Terkumpul dana swadaya lebih dari Rp. 8.000.000 yang berasal lebih dari 60 warga yang memberikan donasi. Swadaya material yang didonasikan warga antara lain cat, semen, pasir, kayu, bata, besi, dll. Warga juga berdonasi untuk pengelasan ayunan, pengecatan, pemasangan lampu taman, dll. Pembuatan taman tidak menggusur dan menjauhkan aktivitas yang sebelumnya ada, yaitu menjemur burung dan menjemur pakaian. Area menjemur burung, dipusatkan di depan bagian selatan. Sementara area menjemur pakaian, dipindahkan ke bagian belakang taman. 
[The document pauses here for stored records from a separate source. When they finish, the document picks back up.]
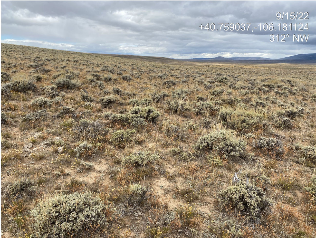
Photo 13. Photo taken to the north of the Location shows reference area vegetation.
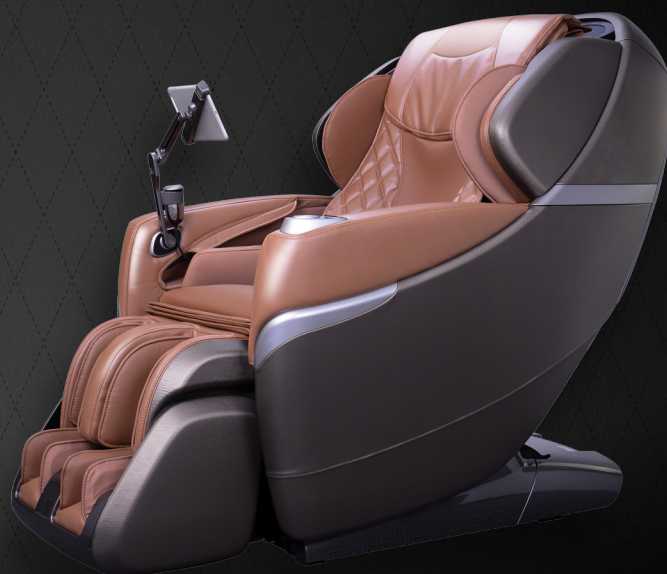
CARAMEL & ANTIQUE BRASS (CZ-730/Qi CAB)
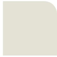
Off White SA 0.38 | SRI 81
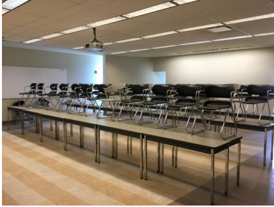
Image Description: View of the classroom from the instructor's podium. The classroom has multiple desks and chairs, that can be arranged according to the instructor's preference. The entryway door is located at the front of the classroom on the left-hand side. This classroom is accessible for instructors.
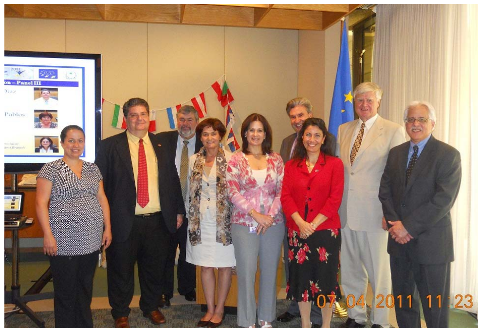
Local Euro Challenge Competition 2011 Recognition Awards at the Federal Reserve Bank of Atlanta- Miami Branch: students, judges, and Federal Reserve Bank officials

Taman itu belum usai. Saungnya belum ada. Pelosotannya belum terbeli. Paving juga masih bertahan di toko material. Rumputnya juga baru ditanam pada hari Ahad, 19 Januari 2019, dan belum menyebar merata. Meski demikian, keberadaan taman sudah mendatangkan manfaat. Di pagi hari sebelum matahari menyengat, sudah ada seorang ayah dengan anaknya bermain ayunan. Beranjak beberapa jam kemudian, anak-anak lainnya asyik main di area ban, asyik menyaksikan ikan di bawah kicauan burung dan bergantian main ayunan. Siang hari saat terik, taman pun sepi. Hanya ada satu dua anak yang nekad main ayunan. Sesekali taman menjadi titik pertemuan antara OJOL dengan penumpaangnya. Taman ramai kembali di sore hari. Ibu-ibu asyik ngerumpi di teras selatan. Sementara anak-anaknya bermain ayunan. Di malam hari, giliran bapak-bapak dan karang taruna yang menjadi taman sebagai alternative untuk berkumpul.